Hugh Bolitho musterte sie durch den immer heftiger werdenden Regen.
«Fertig, Leute! Bleibt dicht zusammen!«Er wandte sich um, als ein weiterer Reiter in der Dunkelheit davongaloppierte, der den Brief zu Oberst de Crespigny bringen sollte.
«Und wenn wir diese Teufel finden, möchte ich kein Rachegemetzel erleben. Gerechtigkeit ist es, was wir jetzt brauchen. «Er wendete sein Pferd auf den nassen Pflastersteinen.»Los!»
Außerhalb der Stadt mußten sie wegen des dichten Regens und des schlechten Straßenzustands die Gangart der Pferde verlangsamen. Nach kurzer Zeit stieß ein einsamer Reiter zu ihnen, der eine lange Muskete quer vor sich über dem Sattel hielt. Er sah aus wie das Bild eines alten Kriegers.»Hier entlang, Mr. Hugh, Sir!«Es war Pendrith, der Jagdaufseher.»Ich habe von Ihrem Plan Wind bekommen, Sir. «Es klang, als grinste er.»Dachte, Sie könnten einen alten Waldläufer dabei gebrauchen.»
Schweigend ritten sie weiter, nichts war zu hören als das Trommeln der Hufe auf dem nassen Boden, das Keuchen von Mensch und Tier und das gelegentliche Klirren eines Steigbügels oder Entermessers.
Bolitho dachte an seinen Ritt mit Dancer, als sie zu dem schwach-sinnigen Jungen in der kleinen Bucht geritten waren, wo Tom Morgans Leichnam lag. War es erst wenige Tage her? Es kam ihm vor, als seien es Monate gewesen. Als sie näher an das abgebrannte Dorf kamen, erinnerte sich Bolitho, wie seine Mutter ihn gescholten hatte, weil er als Junge einmal auf einem geliehenen Pony allein dorthin geritten war, nur von einem Hund begleitet. Jetzt hatte sie den Aberglauben als töricht bezeichnet, doch damals hatte sie anders gesprochen. Die Pferde drängten sich zusammen, als Pendrith abstieg und sagte:»Höchstens noch eine halbe Meile, Sir. Es ist wohl besser, von hier aus zu Fuß zu gehen.»

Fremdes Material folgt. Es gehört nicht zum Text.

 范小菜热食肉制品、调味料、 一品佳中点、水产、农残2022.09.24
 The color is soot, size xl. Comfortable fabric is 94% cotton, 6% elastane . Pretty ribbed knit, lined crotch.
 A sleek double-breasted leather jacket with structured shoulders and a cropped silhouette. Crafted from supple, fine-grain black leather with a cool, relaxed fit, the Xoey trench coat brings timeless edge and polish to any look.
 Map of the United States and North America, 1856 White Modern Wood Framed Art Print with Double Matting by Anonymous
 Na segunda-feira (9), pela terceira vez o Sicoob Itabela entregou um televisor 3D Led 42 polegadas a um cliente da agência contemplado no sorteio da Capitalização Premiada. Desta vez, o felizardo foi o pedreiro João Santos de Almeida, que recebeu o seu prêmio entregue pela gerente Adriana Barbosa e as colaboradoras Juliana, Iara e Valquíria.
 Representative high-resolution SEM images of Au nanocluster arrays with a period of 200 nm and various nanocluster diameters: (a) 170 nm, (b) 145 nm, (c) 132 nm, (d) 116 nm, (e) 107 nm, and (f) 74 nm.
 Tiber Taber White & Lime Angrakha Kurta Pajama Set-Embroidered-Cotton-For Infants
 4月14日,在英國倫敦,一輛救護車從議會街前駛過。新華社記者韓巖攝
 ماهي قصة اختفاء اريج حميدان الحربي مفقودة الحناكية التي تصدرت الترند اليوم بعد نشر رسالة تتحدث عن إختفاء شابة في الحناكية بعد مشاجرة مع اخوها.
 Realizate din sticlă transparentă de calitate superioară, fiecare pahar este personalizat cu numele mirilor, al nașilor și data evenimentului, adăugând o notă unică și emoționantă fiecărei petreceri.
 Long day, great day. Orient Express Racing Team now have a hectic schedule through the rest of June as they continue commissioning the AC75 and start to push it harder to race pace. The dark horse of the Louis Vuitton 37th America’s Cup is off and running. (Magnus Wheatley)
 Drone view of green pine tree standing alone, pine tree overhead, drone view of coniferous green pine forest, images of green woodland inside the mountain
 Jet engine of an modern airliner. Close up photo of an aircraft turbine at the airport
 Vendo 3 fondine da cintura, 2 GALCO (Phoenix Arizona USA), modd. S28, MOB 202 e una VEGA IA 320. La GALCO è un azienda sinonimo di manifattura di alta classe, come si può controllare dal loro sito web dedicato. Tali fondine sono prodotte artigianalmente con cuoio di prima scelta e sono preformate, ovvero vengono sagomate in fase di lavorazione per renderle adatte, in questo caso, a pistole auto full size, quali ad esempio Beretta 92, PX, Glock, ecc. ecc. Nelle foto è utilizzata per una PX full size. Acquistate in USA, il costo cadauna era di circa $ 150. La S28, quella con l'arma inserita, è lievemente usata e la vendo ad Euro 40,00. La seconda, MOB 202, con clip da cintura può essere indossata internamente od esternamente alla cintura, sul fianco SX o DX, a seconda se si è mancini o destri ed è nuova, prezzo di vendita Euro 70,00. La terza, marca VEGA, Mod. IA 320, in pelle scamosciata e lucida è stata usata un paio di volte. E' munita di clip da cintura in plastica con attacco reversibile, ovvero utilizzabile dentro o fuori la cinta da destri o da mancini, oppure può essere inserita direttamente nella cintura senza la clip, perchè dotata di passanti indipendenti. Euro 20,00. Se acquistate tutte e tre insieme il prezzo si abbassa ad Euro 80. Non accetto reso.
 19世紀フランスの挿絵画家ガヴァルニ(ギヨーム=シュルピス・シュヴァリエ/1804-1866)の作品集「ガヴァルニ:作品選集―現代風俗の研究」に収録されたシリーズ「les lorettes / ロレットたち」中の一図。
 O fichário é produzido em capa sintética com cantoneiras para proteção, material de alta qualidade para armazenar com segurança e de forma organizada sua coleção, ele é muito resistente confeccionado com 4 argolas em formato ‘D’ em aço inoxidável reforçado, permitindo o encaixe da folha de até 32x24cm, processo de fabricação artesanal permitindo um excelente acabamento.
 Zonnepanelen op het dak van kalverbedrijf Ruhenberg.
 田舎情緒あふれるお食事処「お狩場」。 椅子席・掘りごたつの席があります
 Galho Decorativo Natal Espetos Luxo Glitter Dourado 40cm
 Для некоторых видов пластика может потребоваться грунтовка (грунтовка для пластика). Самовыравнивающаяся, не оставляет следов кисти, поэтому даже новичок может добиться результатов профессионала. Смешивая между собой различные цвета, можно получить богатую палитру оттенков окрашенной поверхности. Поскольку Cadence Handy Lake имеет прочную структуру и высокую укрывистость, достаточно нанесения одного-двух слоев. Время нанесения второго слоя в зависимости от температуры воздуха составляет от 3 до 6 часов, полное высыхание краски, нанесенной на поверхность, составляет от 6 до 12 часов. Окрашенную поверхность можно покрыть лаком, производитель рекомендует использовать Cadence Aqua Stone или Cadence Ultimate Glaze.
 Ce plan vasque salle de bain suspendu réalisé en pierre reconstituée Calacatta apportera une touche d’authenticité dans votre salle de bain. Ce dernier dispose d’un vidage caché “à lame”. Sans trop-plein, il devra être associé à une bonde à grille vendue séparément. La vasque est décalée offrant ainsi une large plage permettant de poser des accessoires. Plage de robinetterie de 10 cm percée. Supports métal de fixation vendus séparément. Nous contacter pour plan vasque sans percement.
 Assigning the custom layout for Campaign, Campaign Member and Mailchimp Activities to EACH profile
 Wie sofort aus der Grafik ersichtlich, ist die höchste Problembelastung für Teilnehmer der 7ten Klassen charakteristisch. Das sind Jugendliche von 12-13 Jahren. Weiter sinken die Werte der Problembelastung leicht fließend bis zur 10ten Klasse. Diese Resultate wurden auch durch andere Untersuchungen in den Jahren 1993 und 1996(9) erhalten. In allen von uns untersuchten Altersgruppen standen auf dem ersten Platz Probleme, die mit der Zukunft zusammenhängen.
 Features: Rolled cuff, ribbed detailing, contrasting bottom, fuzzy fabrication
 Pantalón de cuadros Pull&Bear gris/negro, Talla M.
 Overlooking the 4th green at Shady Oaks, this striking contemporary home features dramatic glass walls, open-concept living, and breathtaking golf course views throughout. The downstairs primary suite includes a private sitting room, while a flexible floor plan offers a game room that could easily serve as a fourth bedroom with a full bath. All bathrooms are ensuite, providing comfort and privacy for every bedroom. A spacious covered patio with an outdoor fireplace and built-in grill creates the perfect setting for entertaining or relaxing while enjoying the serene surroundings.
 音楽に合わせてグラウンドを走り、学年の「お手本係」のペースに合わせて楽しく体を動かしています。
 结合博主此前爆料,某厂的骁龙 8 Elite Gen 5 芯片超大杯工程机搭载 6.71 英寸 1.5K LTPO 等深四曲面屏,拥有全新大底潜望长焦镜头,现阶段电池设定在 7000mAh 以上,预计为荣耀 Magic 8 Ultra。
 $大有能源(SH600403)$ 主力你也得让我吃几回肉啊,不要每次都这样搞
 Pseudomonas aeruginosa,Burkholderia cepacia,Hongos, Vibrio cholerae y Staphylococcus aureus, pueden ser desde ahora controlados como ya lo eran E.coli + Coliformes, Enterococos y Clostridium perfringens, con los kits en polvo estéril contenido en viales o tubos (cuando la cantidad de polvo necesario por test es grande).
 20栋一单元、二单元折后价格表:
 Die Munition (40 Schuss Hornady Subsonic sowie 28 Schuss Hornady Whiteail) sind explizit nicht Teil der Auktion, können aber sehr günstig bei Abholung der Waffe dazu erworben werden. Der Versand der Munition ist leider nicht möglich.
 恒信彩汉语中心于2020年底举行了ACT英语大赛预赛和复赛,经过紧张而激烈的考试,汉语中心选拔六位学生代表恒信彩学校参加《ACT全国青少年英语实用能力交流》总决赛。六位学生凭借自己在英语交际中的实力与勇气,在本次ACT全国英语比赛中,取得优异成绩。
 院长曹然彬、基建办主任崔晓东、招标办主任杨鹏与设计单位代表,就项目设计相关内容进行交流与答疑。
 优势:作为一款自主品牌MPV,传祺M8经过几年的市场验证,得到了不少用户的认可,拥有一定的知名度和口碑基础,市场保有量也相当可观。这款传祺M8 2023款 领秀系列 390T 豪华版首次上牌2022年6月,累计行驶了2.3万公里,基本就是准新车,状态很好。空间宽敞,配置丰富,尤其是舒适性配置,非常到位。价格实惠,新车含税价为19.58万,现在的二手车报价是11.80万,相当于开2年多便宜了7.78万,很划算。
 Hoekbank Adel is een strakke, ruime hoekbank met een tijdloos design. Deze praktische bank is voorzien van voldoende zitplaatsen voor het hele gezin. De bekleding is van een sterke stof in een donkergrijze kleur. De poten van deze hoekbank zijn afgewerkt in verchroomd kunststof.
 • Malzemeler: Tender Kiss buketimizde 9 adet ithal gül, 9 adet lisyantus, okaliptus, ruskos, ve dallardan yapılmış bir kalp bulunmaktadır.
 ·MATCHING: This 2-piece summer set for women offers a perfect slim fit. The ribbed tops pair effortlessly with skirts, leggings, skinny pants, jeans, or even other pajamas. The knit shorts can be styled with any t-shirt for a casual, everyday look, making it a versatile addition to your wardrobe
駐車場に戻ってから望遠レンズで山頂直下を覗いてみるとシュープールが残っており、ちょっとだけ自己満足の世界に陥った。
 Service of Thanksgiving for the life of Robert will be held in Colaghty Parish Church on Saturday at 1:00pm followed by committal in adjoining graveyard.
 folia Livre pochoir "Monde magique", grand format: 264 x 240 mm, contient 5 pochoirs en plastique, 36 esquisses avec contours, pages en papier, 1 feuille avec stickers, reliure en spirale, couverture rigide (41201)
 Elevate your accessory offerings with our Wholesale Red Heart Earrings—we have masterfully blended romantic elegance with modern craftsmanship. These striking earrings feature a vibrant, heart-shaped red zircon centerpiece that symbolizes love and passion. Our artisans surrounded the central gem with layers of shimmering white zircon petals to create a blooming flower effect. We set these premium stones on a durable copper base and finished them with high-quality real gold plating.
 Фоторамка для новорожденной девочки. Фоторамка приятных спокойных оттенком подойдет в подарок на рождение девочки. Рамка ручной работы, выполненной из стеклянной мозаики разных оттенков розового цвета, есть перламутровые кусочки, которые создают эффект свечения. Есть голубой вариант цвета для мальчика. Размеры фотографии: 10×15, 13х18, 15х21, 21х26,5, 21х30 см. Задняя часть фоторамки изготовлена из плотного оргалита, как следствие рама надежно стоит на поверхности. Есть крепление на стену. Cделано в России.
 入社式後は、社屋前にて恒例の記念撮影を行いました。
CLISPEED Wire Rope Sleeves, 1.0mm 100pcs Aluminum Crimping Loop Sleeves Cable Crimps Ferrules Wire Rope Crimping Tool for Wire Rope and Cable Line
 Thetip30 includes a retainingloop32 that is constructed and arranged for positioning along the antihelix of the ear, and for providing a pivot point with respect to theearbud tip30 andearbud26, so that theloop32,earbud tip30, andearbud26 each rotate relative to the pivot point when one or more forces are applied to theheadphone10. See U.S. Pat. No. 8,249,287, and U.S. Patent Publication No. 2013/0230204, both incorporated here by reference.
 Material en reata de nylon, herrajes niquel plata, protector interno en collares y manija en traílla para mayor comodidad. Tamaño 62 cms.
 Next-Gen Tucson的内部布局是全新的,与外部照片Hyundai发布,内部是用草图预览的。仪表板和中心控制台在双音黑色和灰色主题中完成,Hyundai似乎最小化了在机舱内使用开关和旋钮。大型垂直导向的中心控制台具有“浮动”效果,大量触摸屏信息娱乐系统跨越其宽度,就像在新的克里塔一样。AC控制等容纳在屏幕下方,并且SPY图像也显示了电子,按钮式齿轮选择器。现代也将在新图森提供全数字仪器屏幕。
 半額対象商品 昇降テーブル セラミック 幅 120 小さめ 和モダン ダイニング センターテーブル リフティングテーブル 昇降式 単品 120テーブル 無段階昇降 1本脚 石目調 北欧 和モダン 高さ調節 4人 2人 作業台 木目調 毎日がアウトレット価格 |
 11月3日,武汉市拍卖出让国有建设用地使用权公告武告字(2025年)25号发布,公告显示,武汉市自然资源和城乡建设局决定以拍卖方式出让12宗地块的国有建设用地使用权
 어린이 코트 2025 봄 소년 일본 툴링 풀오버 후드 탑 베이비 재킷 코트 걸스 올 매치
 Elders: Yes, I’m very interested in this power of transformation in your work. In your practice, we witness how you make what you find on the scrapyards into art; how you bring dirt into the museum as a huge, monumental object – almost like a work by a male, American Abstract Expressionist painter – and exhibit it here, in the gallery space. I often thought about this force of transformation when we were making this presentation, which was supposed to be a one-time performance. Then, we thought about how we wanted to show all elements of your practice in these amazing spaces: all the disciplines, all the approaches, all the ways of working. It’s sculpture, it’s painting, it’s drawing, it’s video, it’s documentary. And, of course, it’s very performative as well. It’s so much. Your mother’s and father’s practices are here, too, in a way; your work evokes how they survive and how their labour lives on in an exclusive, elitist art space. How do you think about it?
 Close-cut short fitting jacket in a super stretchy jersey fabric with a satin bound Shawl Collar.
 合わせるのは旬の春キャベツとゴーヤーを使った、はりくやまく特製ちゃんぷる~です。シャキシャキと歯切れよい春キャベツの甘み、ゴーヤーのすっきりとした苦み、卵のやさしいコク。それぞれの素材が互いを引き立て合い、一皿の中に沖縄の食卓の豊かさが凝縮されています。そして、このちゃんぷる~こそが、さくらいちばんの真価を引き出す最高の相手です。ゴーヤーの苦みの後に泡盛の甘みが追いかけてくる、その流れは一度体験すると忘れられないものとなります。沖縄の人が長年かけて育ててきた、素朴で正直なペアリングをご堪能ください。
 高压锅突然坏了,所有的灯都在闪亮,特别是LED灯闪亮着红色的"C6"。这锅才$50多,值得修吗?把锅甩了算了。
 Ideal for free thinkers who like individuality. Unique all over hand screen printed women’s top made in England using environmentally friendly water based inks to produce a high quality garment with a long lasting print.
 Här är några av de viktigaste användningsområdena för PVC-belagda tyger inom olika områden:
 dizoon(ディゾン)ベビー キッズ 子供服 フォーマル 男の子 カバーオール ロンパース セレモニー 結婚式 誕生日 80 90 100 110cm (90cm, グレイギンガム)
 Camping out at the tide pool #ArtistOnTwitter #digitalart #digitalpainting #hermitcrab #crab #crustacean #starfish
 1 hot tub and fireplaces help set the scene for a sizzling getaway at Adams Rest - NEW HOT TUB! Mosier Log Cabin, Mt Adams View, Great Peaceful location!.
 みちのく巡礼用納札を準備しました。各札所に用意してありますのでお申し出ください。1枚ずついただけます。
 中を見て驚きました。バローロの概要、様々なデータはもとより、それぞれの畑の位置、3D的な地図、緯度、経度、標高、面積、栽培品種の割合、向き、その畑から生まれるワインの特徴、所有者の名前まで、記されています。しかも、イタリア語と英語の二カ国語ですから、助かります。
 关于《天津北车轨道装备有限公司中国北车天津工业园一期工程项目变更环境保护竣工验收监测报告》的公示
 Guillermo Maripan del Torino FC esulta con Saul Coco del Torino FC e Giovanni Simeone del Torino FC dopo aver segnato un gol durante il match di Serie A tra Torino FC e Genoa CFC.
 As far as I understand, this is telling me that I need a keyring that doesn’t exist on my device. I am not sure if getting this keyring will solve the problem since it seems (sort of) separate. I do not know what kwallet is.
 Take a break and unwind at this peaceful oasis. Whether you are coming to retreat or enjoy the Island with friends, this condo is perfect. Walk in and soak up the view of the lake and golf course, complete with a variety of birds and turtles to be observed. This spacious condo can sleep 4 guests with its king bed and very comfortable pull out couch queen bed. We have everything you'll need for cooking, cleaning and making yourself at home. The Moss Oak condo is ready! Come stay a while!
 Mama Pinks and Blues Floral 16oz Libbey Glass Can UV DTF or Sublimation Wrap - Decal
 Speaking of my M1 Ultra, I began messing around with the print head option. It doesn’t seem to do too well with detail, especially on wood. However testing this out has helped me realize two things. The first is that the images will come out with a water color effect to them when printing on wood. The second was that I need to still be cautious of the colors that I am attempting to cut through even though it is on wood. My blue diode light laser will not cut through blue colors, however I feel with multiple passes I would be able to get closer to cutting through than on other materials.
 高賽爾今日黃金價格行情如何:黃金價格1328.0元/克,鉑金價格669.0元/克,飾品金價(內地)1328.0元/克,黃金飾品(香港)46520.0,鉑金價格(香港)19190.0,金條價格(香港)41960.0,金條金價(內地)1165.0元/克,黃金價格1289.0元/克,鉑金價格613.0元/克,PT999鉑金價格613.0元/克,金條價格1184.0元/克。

Hugh sprang aus dem Sattel.»Fesselt die Pferde. Zwei Leute bleiben hier als Wache. «Er zog die Pistole und wischte mit dem Ärmel das Regenwasser davon ab.»Führen Sie uns, Pendrith! Ich bin mehr auf See zu Hause als im Wald. «Bolitho merkte, daß einige Leute über diese Bemerkung lachten. Er lernte immer noch dazu.
Pendrith und ein Knecht führten sie. Es war kein Mond zu sehen, aber eine Lücke im jagenden Gewölk gab kurz den Blick frei auf ein kleines spitzes Dach.
Bolitho flüsterte seinem Freund zu:»Noch heute bauen sie in manchen Dörfern diese kleinen Hexenhäuser. Sie sollen am Dorfeingang die bösen Geister vertreiben. «Dancer bewegte sich unbehaglich in seinen geborgten Sachen und zischte:»Hier haben sie wohl nicht viel Erfolg damit gehabt.»
Pendriths massige Gestalt kam zu ihnen zurückgerannt, Bolitho schien es, als werde er von Gespenstern gejagt. Der Jagdaufseher stieß hervor:»Dort brennt irgendein Feuer, Sir, auf der anderen Seite des Dorfes!»
Er wandte sich wieder um, und jetzt leuchtete sein Gesicht rot auf, als eine gewaltige Feuerzunge himmelwärts stieg und eine Wolke von Funken in die Luft wirbelte.
Einige der Männer schrien entsetzt auf; selbst Bolitho, der an die alten Hexengeschichten gewöhnt war, lief es eiskalt über den Rücken.
Hugh brach durch die Büsche, alle Vorsicht beiseite lassend, und schrie:»Lebhaft, Jungs, sie haben eine der Hütten in Brand gesetzt!»
Als sie die Kate erreichten, brannte sie bereits lichterloh. Ein dichter Funkenregen prasselte auf die geblendeten Leute herab und hinderte sie am Näherkommen.
«Mr. Dancer! Nehmen Sie zwei Mann, und gehen Sie auf die Rückseite!»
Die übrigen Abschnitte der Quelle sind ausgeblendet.